[Versions] Versioning the DAG to remove the need for premature round advancement
I gave some thought to the problem of advancing rounds with zero-blocks. A potential solution is to decouple batch certification from the DAG. Instead, a primary can chose to either advance a round or "version" the round. Versioning means that the primary sends a new block for the same round Block(R.version_number) which extends the previous block. If it gets certified it can be proposed upstream
When the primary advances their round they make sure to use as a parent their last version block of the previous round in order to make sure the DAG does not have many dangling blocks.

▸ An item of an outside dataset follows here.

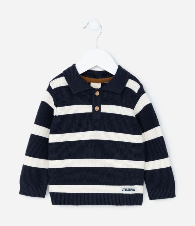 Suéter Infantil em Tricô Listras e Etiqueta na Barra - Tam 0 a 18 meses Azul

Potential benefits of this proposal is that:
- No empty blocks are made in order to help the liveness of transactions
- No empty blocks made means that the primary no longer races with the workers for the NIC since rounds do not advance unless the worker has sent at least one batch out.
- Backpressure becomes less complex as advancing a dag-round is merely a local decision
So it means that if a primary is ready to advance round (ie. it has 2f+1 certificates from the previous round) but has no payload to propose, it can instead propose a new version of the current round (rather than advancing round)?
The exact opposite. When a node has transactions to propose but not enough parents, they propose a new version of this round.
Got it. So this prevents us from having a potentially always-growing backlog of batch digests on the primary of popular nodes. Popular nodes are nodes that always have abundant client's transactions and thus always produce non-empty batches.
Did I get it correctly? If so, aren't we getting the properties you mentioned at the cost of increasing latency (which may be a fine tradeoff)?
We can still put a max_delay to get empty blocks, but this is mostly useful for Narwhal as a mempool otherwise we also slow down coinflips. To answer your question, yes this could increase latency if the load is so imbalanced that >f nodes do not have any transactions for a long time.
Got it. Indeed I see the direct benefit for Narwhal as mempool. For Bullshark/Tusk it is more delicate indeed (but once in the codebase, it may as well be used).
There is already a timer for that. We currently only produce empty-headers if we receive (i) a quorum of parent certificates, and (ii) the timer triggers. This timer is configurable through the system's parameters.